The two basic thread-parallel approaches would be to use atomics to generate the sum or a classical parallel reduction. To make the computed sum most easily available across threads, usually one would store it in global memory somewhere. If you want to use atomics, then global atomics are pretty fast on kepler and beyond. For a parallel reduction, one would usually do the sweeping within shared memory, and put the final result in global memory, where it can be used by other threads for the subsequent division operation.

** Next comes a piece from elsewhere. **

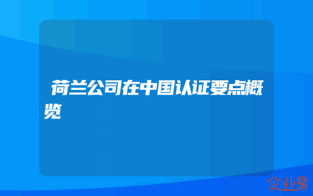 - 荷兰公司在中国认证要点概览

Thanks txbob for you reply. I was considering the fact of doing this part of the calculation on the host but i’m not sure that the time spent on data copy would be worth it. I’ll look for atomic operations, but in term of parallel reduction, if i’m right you need as much reduction call as the number of dimensions ? The first reduction gives you the sum of each block and the second the sum of this result ?

I’m still having some trouble trying to figure out how to use the shared memory when you have only a float or an int to use in each thread.

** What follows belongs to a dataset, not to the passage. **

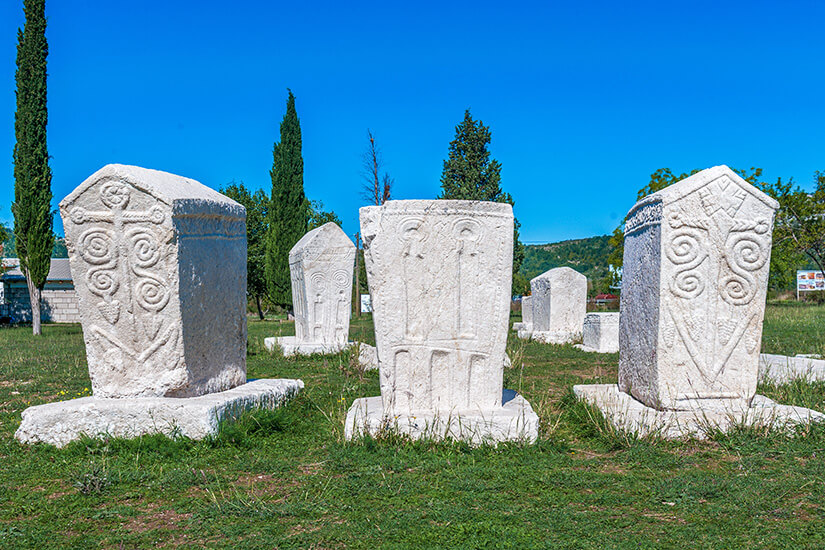 Diese antiken Grabstätten werden Stećci (Singular Stećak) genannt und sind stille Zeugen vergangener Zeiten. Die Bezeichnung leitet sich vom slawischen Verb „stojati“ ab und kann mit „aufrecht stehen“ übersetzt werden. Genau dieser Anblick erwartet euch: Die Steine erheben sich als aufrechte Blöcke gen Himmel und zeigen als Flachreliefs verschiedene Altersszenen aus dem Leben der im Mittelalter hier lebenden Volksgruppen. Viele der Stećci sind über 500 Jahre alt und der Anblick entführt auf eine Reise in die Lebensweise dieser christlichen Religionsgemeinschaft. Zu sehen sind Ritterspiele, Szenen der Jagd und Alltagsmomente sowie typische Symbole wie Kreuze. Von den rund 70.000 gefundenen außergewöhnlichen Grabsteinen befinden sich viele in Bosnien-Herzegowina und weitere in Kroatien sowie Serbien und Montenegro.

For parallel reduction, at most two reduction kernel calls are necessary, but in fact in most cases can be done with a single kernel call using a threadblock-draining approach.

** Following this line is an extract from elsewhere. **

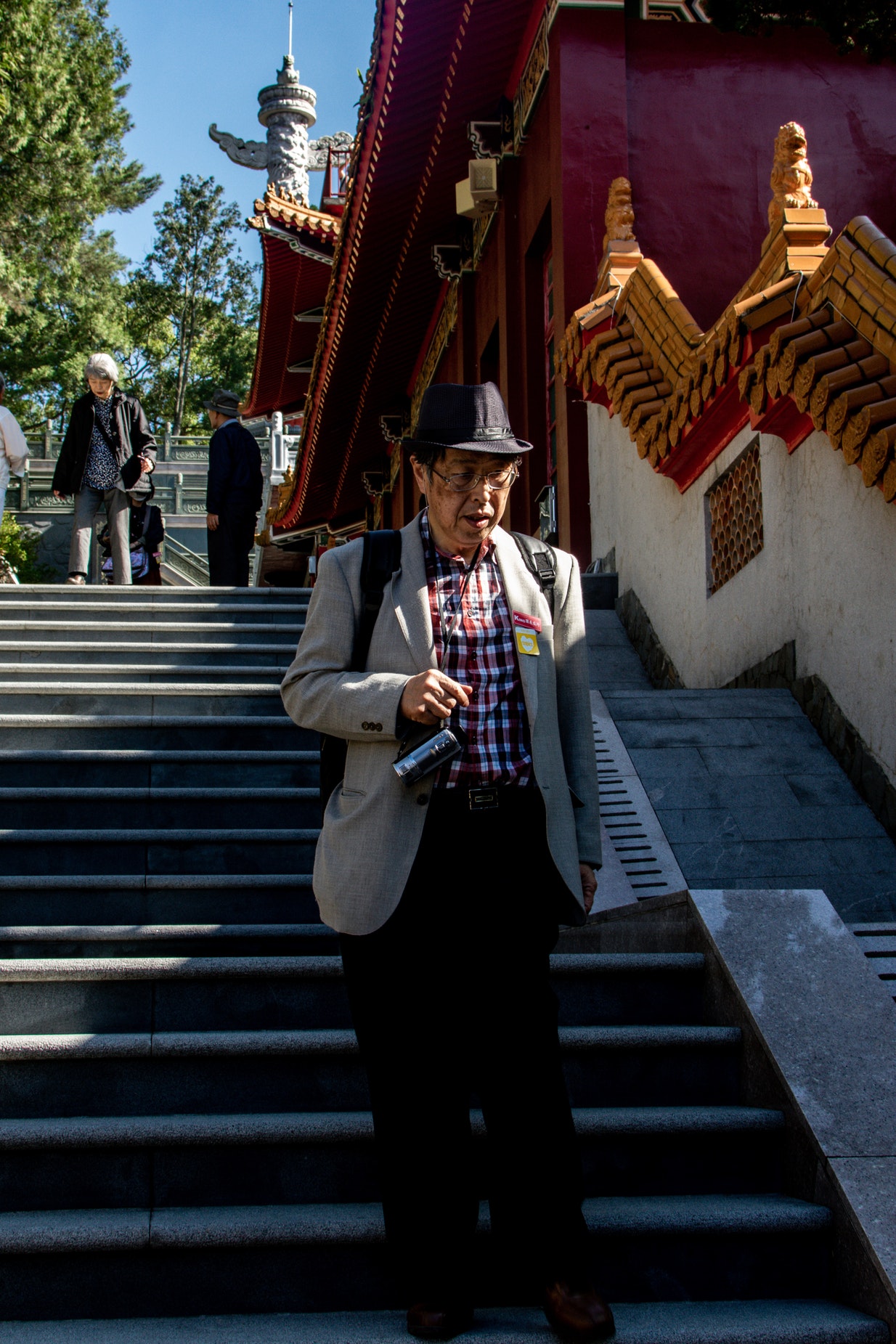 石梯上行走的带帽老翁

For basic parallel reduction, I suggest you study the CUDA sample code and accompanying tutorial:

__device__ void QNN::exponential_sum_reduction(Quaternion * __restrict__ dIn, Quaternion * dOut){
78
79
80 __shared__ Quaternion x_shared[BLOCK_SIZE];
81
82
83 const unsigned int gid = threadIdx.x + blockIdx.x * blockDim.x;
84 const unsigned int tid = threadIdx.x;
85 const Quaternion empty(0.0f,0.0f,0.0f,0.0f);
86
87 if (gid < topology){ //Giving the number of elements in dIn
88 x_shared[tid] = dIn[gid];
89 //printf("Thread%d, on layer num %d,%d,%f\n", threadIdx.x, layerNum, biasIterator+(threadIdx.x + m * BLOCK_SIZE), dX[biasIterator+(threadIdx.x + m * BLOCK_SIZE)].q.x);
90
91 //x_shared[tid].exponential_equal();
92 }
93 else{
94 x_shared[threadIdx.x] = empty;
95 }
96 __syncthreads();
97
98 for(int i=blockDim.x/2; i>0; i>>=1){
99
100 if(tid<i){
101
102 x_shared[tid] += x_shared[tid + i];
103 }
104 __syncthreads();
105 }
106
107 if( tid == 0){
108
109 dOut[blockIdx.x] = x_shared[0];
110 }
111 }

But it doesn’t work … I tried to just copy / paste the optimized solution from http://developer.download.nvidia.com/compute/cuda/1.1-Beta/x86_website/projects/reduction/doc/reduction.pdf But i don’t want to use template for the moment (maybe later ?). And i replace the blockSize template by my BLOCK_SIZE i got some varying results _ (race condition problem ?). Anyway, back to my code, i always got a solution that almost gives me the solution but it’s always wrong. And i can’t understand why because it almost gives me the good solution while i’m doing this only once (it should run twice before giving me the good result no ?) …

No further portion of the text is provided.